▼▼▼

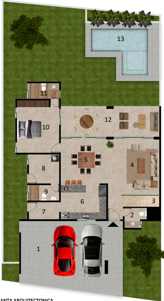
PLANTA ARQUITECTONICA PLANTA BAJA
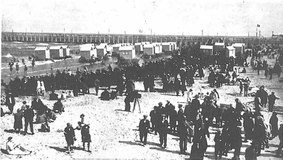
Ach, wie zag al niet zoo'n strandje aan op Zondag ! Arme lui, wat is uw hart arm !

Dat men deze dagverdeeling dan maar eens verfilme ! Nou ! er is kans voor, dat er aldra geen plekje meer overblijft van 't vrije land !
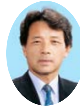
山本 清 議長 (政翔会)
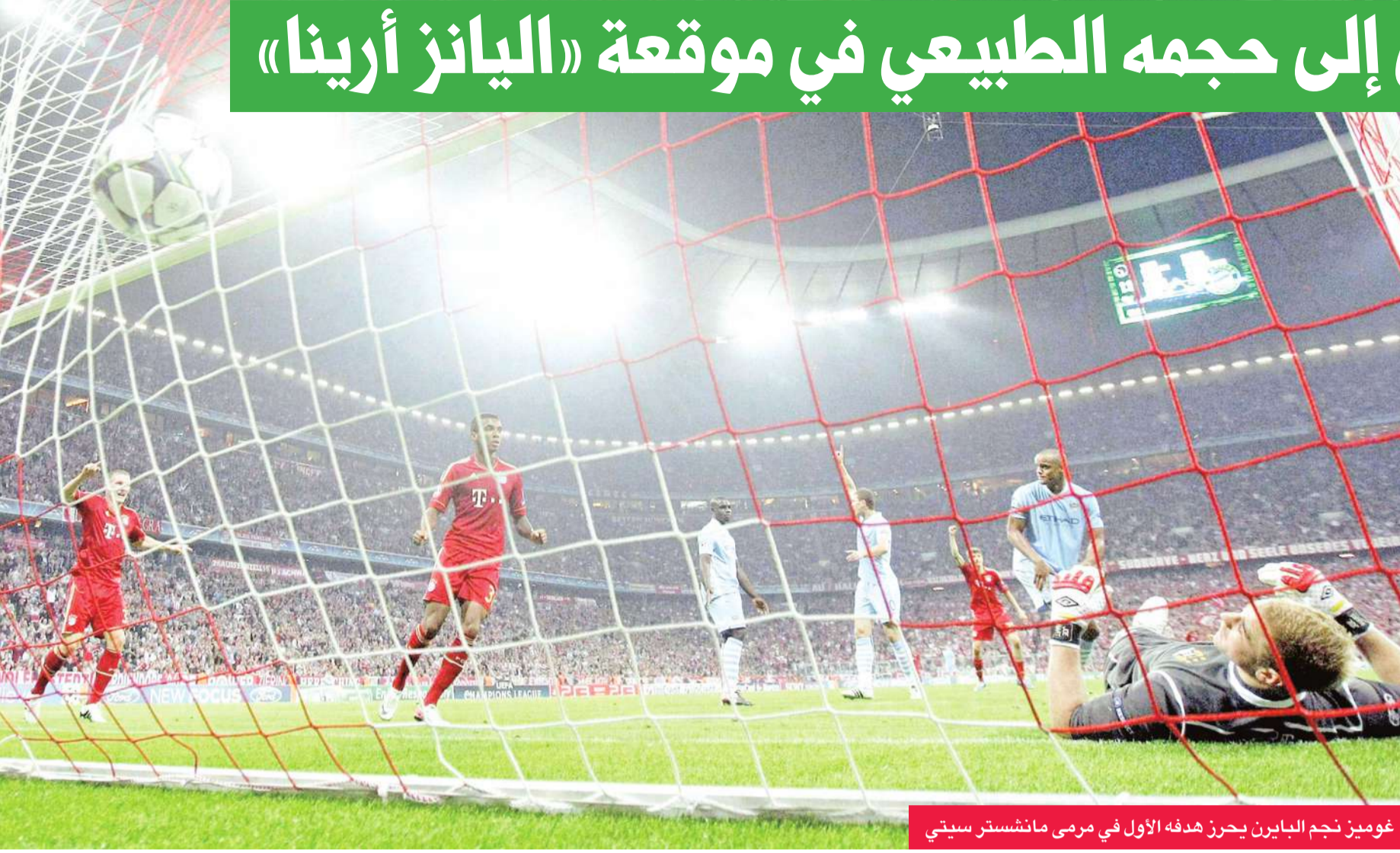
غوميز نجم البايرن يحرز هدفه الأول في مرمى مانشستر سيتي

واصل بايرن ميونيخ الألماني عروضه المميزة وتغلب على ضيفه مانشستر سيتي الإنكليزي بالفوز عليه 2-0 صفر أمس الأول في الجولة الثانية من مسابقة دوري أبطال أوروبا.
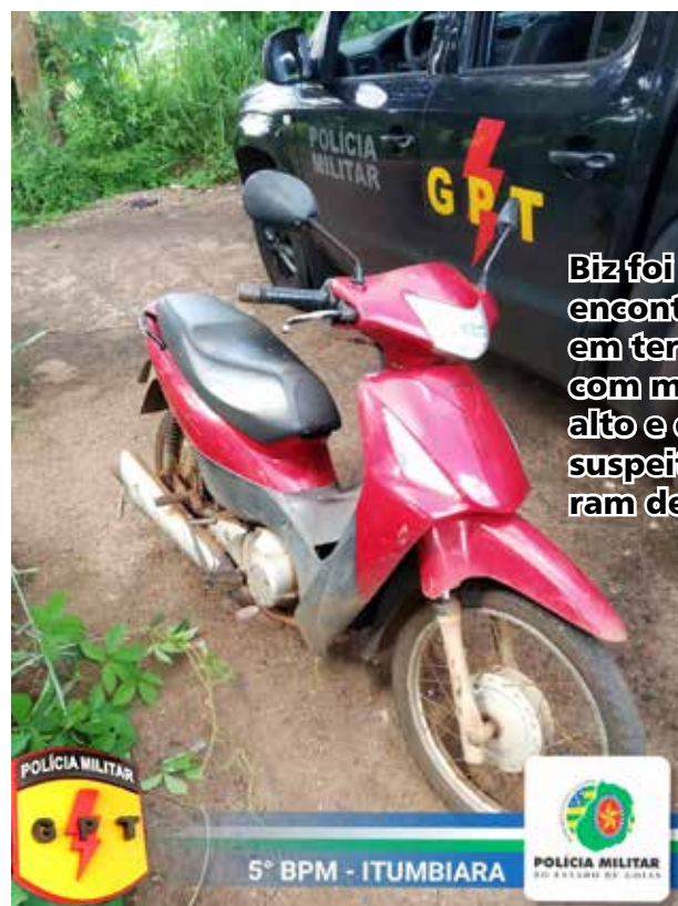
Biz foi encontrada em terreno com mato alto e os suspeitos foram detidos

O suspeito levou a equipe até o local onde a motocicleta estava escondida, num terreno com mato alto próximo à sua residência. Ele confirmou o nome do comparsa que o ajudou no furto e os policiais foram até a casa dele, onde foi detido. Em ato contínuo, a dupla foi encaminhada ao hospital para exame de corpo delicto e entregue à Polícia Judiciária. A Biz foi apreendida.
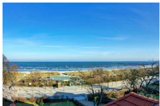
Aussicht von der Empore. Eine Treppe führt vom Wohnzimmer zur Empore, hier 4. Schlafplatz mit Bett 140cm
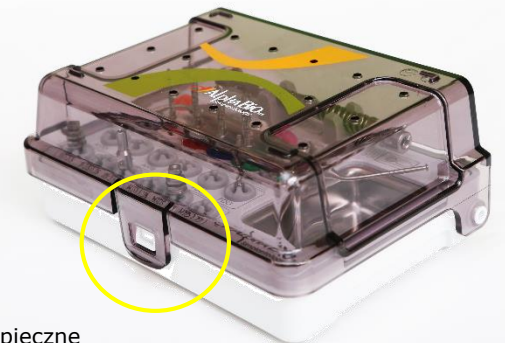
Bezpieczne zamknięcie kasy
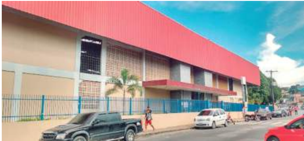
Escola está localizada no bairro São José, Zona Leste de Manaus

As vítimas foram levadas ao Hospital e Pronto-Socorro João Lúcio, localizado no bairro São
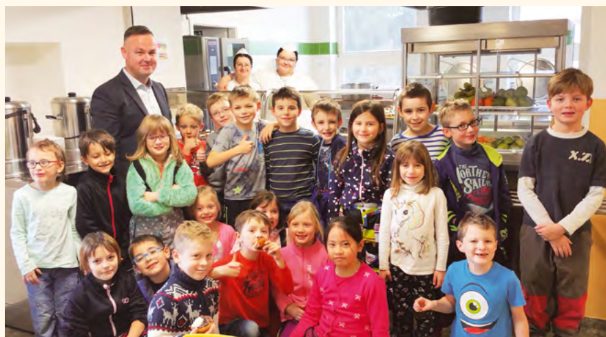
Starosta se strávníky a s kuchařkami
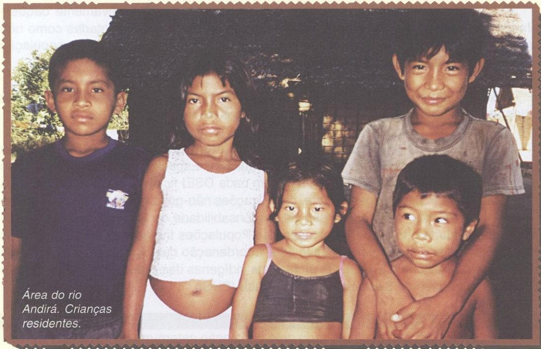
Área do rio Andirá. Crianças residentes.
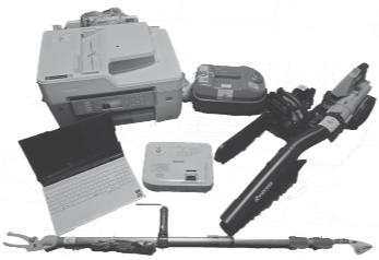
コミュニティ活動で使用するパソコンやプリンターなどを整備しました。
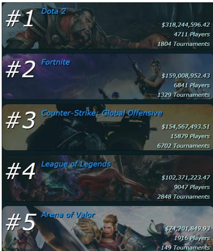
Slika 4. Najpoznatije igre na e-sport natjecanjima

▲▲▲

[Work to be completed]:
Each line above should be set down exactly as written, with pictures excluded.

[Answer area]:
PLANTA ARQUITECTONICA PLANTA BAJA
Ach, wie zag al niet zoo'n strandje aan op Zondag ! Arme lui, wat is uw hart arm !

Dat men deze dagverdeeling dan maar eens verfilme ! Nou ! er is kans voor, dat er aldra geen plekje meer overblijft van 't vrije land !
山本 清 議長 (政翔会)
غوميز نجم البايرن يحرز هدفه الأول في مرمى مانشستر سيتي

واصل بايرن ميونيخ الألماني عروضه المميزة وتغلب على ضيفه مانشستر سيتي الإنكليزي بالفوز عليه 2-0 صفر أمس الأول في الجولة الثانية من مسابقة دوري أبطال أوروبا.
Biz foi encontrada em terreno com mato alto e os suspeitos foram detidos

O suspeito levou a equipe até o local onde a motocicleta estava escondida, num terreno com mato alto próximo à sua residência. Ele confirmou o nome do comparsa que o ajudou no furto e os policiais foram até a casa dele, onde foi detido. Em ato contínuo, a dupla foi encaminhada ao hospital para exame de corpo delicto e entregue à Polícia Judiciária. A Biz foi apreendida.
Aussicht von der Empore. Eine Treppe führt vom Wohnzimmer zur Empore, hier 4. Schlafplatz mit Bett 140cm
Bezpieczne zamknięcie kasy
Escola está localizada no bairro São José, Zona Leste de Manaus

As vítimas foram levadas ao Hospital e Pronto-Socorro João Lúcio, localizado no bairro São
Starosta se strávníky a s kuchařkami
Área do rio Andirá. Crianças residentes.
コミュニティ活動で使用するパソコンやプリンターなどを整備しました。
Slika 4. Najpoznatije igre na e-sport natjecanjima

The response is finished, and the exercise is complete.